Am Abend des 15. Juli 2016 putschten Teile des Militärs gegen die Regierung von Präsident Recep Tayyip Erdoǧan. In Istanbul und der Hauptstadt Ankara gab es Gefechte zwischen Putschisten und staatstreuen Sicherheitskräften. Die Putschisten setzten Panzer und Kampfjets ein und feuerten unter anderem auf Zivilisten, die sich ihnen entgegenstellten und damit einem Aufruf Erdoǧans folgten. Auch das Parlamentsgebäude in Ankara wurde beschossen. Der Luftwaffenstützpunkt Akıncı in der Nähe der Hauptstadt war dabei eine wichtige Basis der Umstürzler in der Putschnacht. Mehr als 250 Menschen wurden getötet, 2.000 verletzt. Der Aufstand wurde schließlich niedergeschlagen.
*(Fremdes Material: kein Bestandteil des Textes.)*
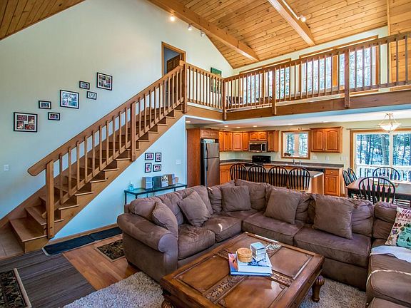 Bright & sunny contemporary cape with an open living design, a gas log fireplace & pine cathedral ceiling creating a comfortable upcountry ambiance. 2 main level bedrooms and an upper level primary ensuite bedroom with a beautiful open loft sitting area. Large family room in the walk-out lower level, plus an office, 3/4 bath & a laundry/utility room. Minutes to Conway Village, North Conway shops, great dining, acres of National Forest, wonderful downhill and cross-country skiing and access to Pea Porridge Pond. With some trimming, views of Mt. Washington could be enhanced. 3 BRs/3 Baths

Höchststrafen erhielten zum Beispiel Piloten, die in der Nacht etwa das Parlament und das Polizeihauptquartier bombardiert haben sollen. Auch vier Männer, die dem Gericht zufolge ein Attentat auf den Präsidenten geplant hatten, wurden zu 79-facher lebenslanger Haft verurteilt. Der Prozess hatte am 1. August 2017 begonnen.

77.000 Menschen wurden nach dem versuchten Putsch wegen Unterstützungs- bzw. Beteiligungsvorwürfen inhaftiert. Weitere 130.000 wurden von ihrem Arbeitsplatz im öffentlichen Dienst suspendiert.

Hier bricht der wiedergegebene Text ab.